Data entries:
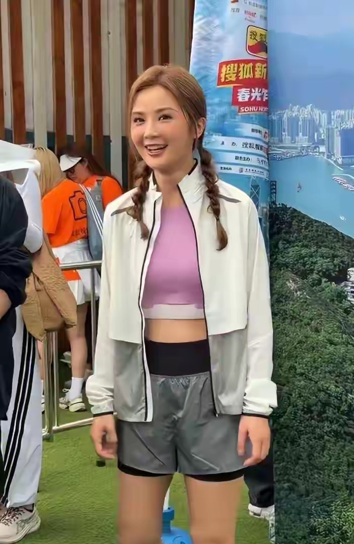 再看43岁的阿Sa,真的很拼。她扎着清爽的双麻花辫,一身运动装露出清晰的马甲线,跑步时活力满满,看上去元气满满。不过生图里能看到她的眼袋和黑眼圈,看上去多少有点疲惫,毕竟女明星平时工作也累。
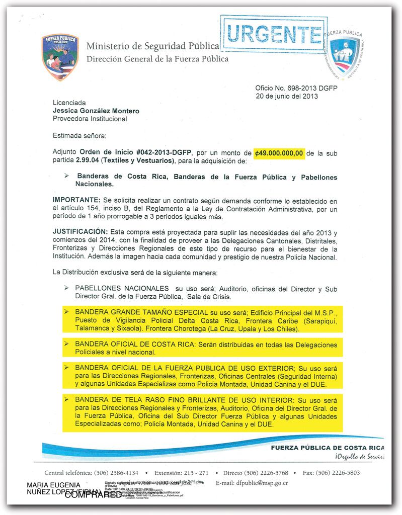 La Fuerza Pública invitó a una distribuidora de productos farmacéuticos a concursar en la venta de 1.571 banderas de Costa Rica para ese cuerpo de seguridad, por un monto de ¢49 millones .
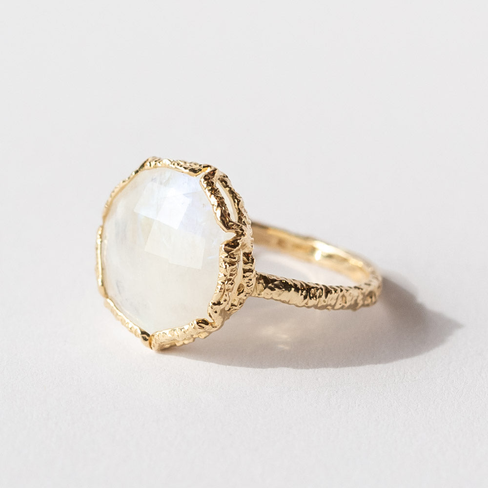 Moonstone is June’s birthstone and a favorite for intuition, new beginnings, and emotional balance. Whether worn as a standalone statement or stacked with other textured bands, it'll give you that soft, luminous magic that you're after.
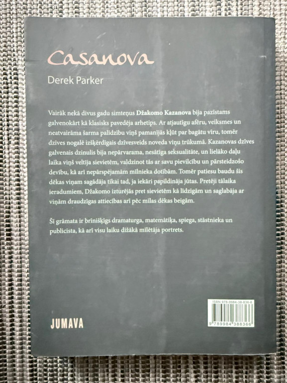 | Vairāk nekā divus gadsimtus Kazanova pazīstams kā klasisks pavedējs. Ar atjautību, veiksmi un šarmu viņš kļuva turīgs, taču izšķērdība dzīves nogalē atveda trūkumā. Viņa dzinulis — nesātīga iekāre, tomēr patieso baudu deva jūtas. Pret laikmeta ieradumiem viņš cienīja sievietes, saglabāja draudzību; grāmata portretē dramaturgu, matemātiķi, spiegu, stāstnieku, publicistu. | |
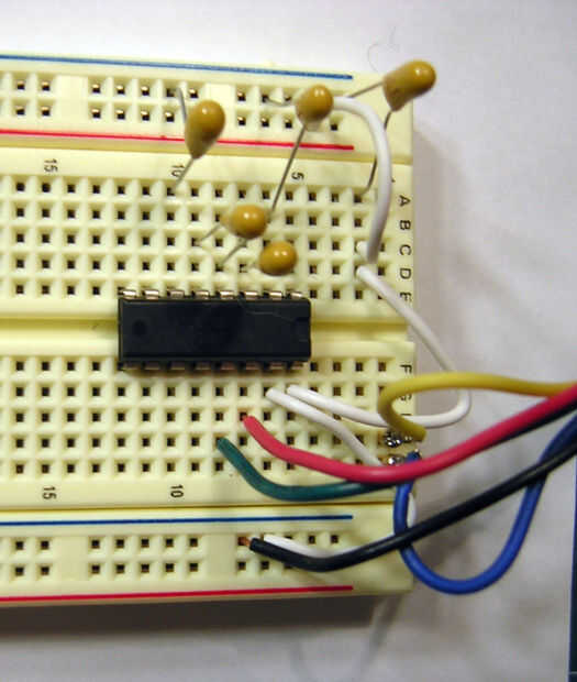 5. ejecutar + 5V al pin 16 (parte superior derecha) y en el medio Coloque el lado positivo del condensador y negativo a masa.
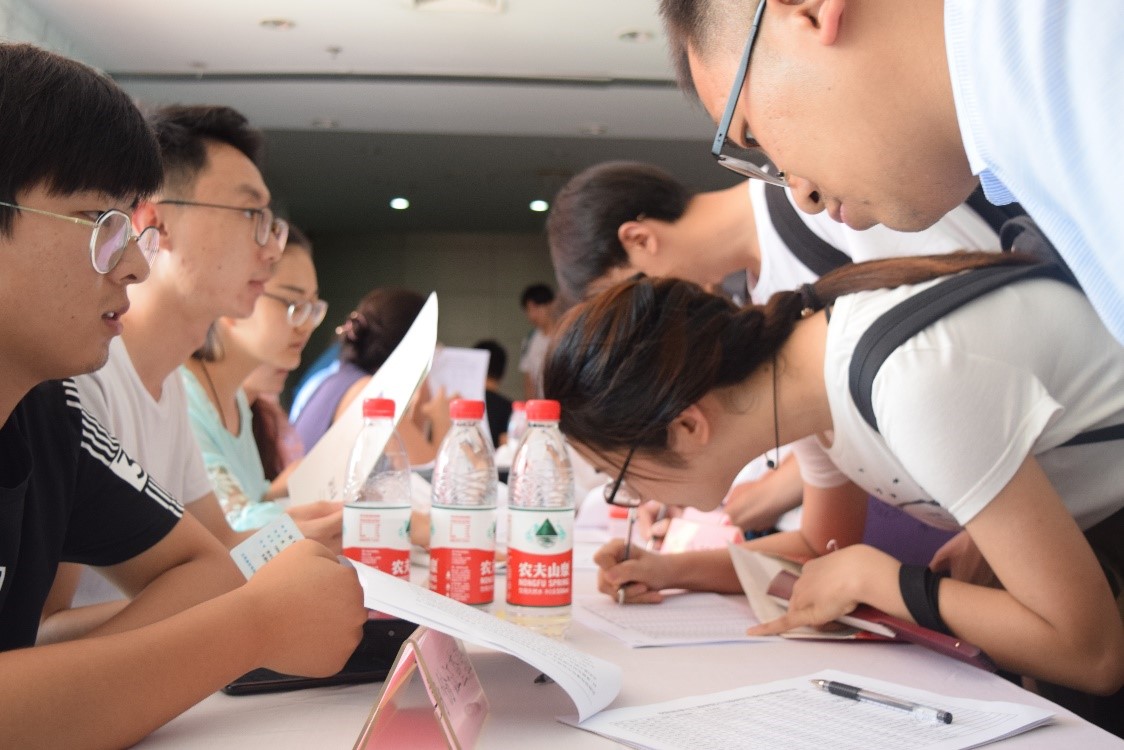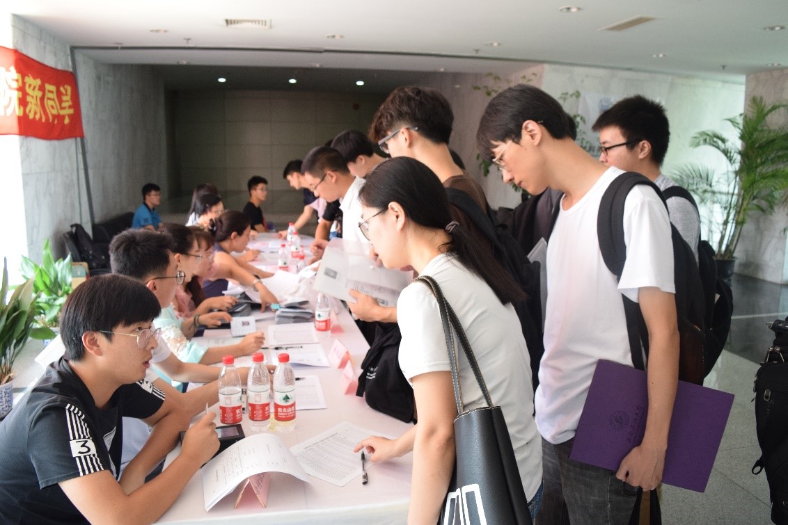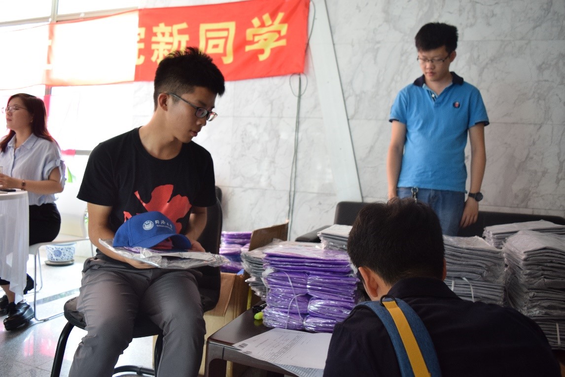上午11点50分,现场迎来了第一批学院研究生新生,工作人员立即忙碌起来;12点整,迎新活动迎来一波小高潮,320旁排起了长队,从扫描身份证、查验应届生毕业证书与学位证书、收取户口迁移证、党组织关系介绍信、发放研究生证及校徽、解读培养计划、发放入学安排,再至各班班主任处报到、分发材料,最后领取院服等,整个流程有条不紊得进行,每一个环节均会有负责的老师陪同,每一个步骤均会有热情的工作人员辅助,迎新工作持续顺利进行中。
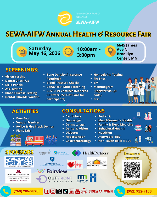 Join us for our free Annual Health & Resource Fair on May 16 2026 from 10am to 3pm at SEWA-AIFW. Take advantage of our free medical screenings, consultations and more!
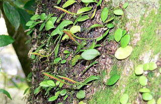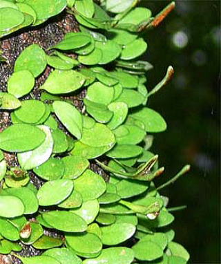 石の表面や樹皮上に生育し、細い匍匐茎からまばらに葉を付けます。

◆ To do ◆
Output the records exactly, please. The pictures are not part of the copy.

◆ Reply to the exercise ◆
 再看43岁的阿Sa,真的很拼。她扎着清爽的双麻花辫,一身运动装露出清晰的马甲线,跑步时活力满满,看上去元气满满。不过生图里能看到她的眼袋和黑眼圈,看上去多少有点疲惫,毕竟女明星平时工作也累。
 La Fuerza Pública invitó a una distribuidora de productos farmacéuticos a concursar en la venta de 1.571 banderas de Costa Rica para ese cuerpo de seguridad, por un monto de ¢49 millones .
 Moonstone is June’s birthstone and a favorite for intuition, new beginnings, and emotional balance. Whether worn as a standalone statement or stacked with other textured bands, it'll give you that soft, luminous magic that you're after.
 | Vairāk nekā divus gadsimtus Kazanova pazīstams kā klasisks pavedējs. Ar atjautību, veiksmi un šarmu viņš kļuva turīgs, taču izšķērdība dzīves nogalē atveda trūkumā. Viņa dzinulis — nesātīga iekāre, tomēr patieso baudu deva jūtas. Pret laikmeta ieradumiem viņš cienīja sievietes, saglabāja draudzību; grāmata portretē dramaturgu, matemātiķi, spiegu, stāstnieku, publicistu. | |
 5. ejecutar + 5V al pin 16 (parte superior derecha) y en el medio Coloque el lado positivo del condensador y negativo a masa.
上午11点50分,现场迎来了第一批学院研究生新生,工作人员立即忙碌起来;12点整,迎新活动迎来一波小高潮,320旁排起了长队,从扫描身份证、查验应届生毕业证书与学位证书、收取户口迁移证、党组织关系介绍信、发放研究生证及校徽、解读培养计划、发放入学安排,再至各班班主任处报到、分发材料,最后领取院服等,整个流程有条不紊得进行,每一个环节均会有负责的老师陪同,每一个步骤均会有热情的工作人员辅助,迎新工作持续顺利进行中。
 Join us for our free Annual Health & Resource Fair on May 16 2026 from 10am to 3pm at SEWA-AIFW. Take advantage of our free medical screenings, consultations and more!
 石の表面や樹皮上に生育し、細い匍匐茎からまばらに葉を付けます。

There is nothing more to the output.